A dictionary mapping variables to their descriptions would be useful for the confirmation process, so let's go ahead and do that.

In [10]:
#Read in variable mapping set
mastdata=pd.read_csv('../doc/COSTAT/mastdata.csv')

#Generate COSTAT variable description map
costat_map=dict(zip(mastdata['Item_Id'],mastdata['Item_Description']))
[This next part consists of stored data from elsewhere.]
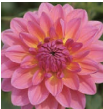
'Wildwood Marie' Water-Lily flowered
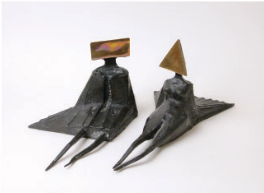
Lynn Chadwick SEATED COUPLE (C76) 1976, Bronze Edition of 8, 6 3/8 inches high
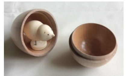
2N, Maple egg with holly chick, 11x7cm.
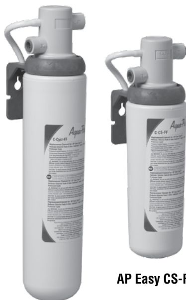
AP Easy CS-FF
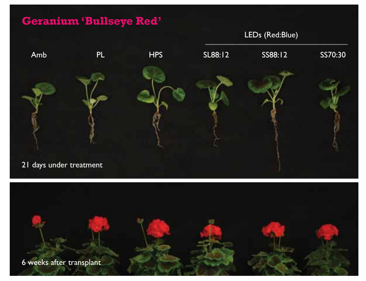
Figure. 5. Plug quality and subsequent flowering of geranium plugs grown under ambient solar light, supplemental lighting (SL) from plasma lamps (PL), high-pressure sodium lamps (HPS) and LEDs (SL88:12) delivering 70 µmol·m<sup>-2</sup>·s<sup>-1</sup> or sole-source (SS) LEDs (SS88:12 and SS70:30) in a vertical production system delivering 185 µmol·m<sup>-2</sup>·s<sup>-1</sup>.
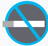
Dejar de fumar/nicotina

The variables identified in the first `KEEP` statement of each file will need to be checked with `costat_map` to confirm their "identity".  We can grab these directly from the files and throw them in a list of unique elements. 

In [11]:
#Define function that converts file lines containing COSTAT variables to a nice list
def read2list(line_list):
    #Capture the lines as one string
    ll='\r\n'.join(line_list).replace('\r\n','')
    #Remove semi-colons
    ll=ll.replace(';','')
    #Convert to list
    ll=[elem for elem in ll.split() if elem != '']
    return ll

#Capture the relevant variable lines from costat02* and convert them into a list
with open('costat02and07.sas') as f:
    costat02_vars=read2list(f.readlines()[15:22])
f.close()

#Capture the relevant variable lines from TEL_UPDATE and convert them into a list
with open('TEL_UPDATE.sas') as f:
    tel_up_vars=read2list(f.readlines()[16:21])[3:] #first three (KEEP,STCOU,AREANAME) are not required for this exercise
f.close()

#Capture the set of unique COSTAT variables
costat_vars=sorted(set(costat02_vars+tel_up_vars))

#For each COSTAT variable
for var in costat_vars:
    #...print the description
    try:
        print var,'|',costat_map[var]
    except:
        print '*** ',sys.exc_info()[0],' ***'

AGE290202D | Resident population under 18 years (July 1 - estimate) 2002
AGE290207D | Resident population under 18 years (July 1 - estimate) 2007
AGE770202D | Resident population 65 years and over (July 1 - estimate) 2002
AGE770207D | Resident population 65 years and over (July 1 - estimate) 2007
BZA110202D | Private nonfarm employment for pay period including March 12, 2002
BZA110207D | Private nonfarm employment for pay period including March 12, 2007
BZN230202D | Private nonfarm employment for pay period including March 12, 2002 - manufacturing (NAICS 31)
BZN230207D | Private nonfarm employment for pay period including March 12, 2007 - manufacturing (2002 NAICS 31)
BZN430202D | Private nonfarm employment for pay period including March 12, 2002 - retail trade (NAICS 44)
BZN430207D | Private nonfarm employment for pay period including March 12, 2007 - retail trade (2002 NAICS 44)
BZN630202D | Private nonfarm employment for pay period including March 12, 2002 - professional, scientific

Now let's do this mapping explicitly.  For each family and concept above, we will explicitly map in a name.  If the name already exists in our SAS files above, we will use it. Otherwise, a new name will be generated.  The explicit mapping will cover our validation objective.  Note that some of these will only be input variables into derived variables we need later.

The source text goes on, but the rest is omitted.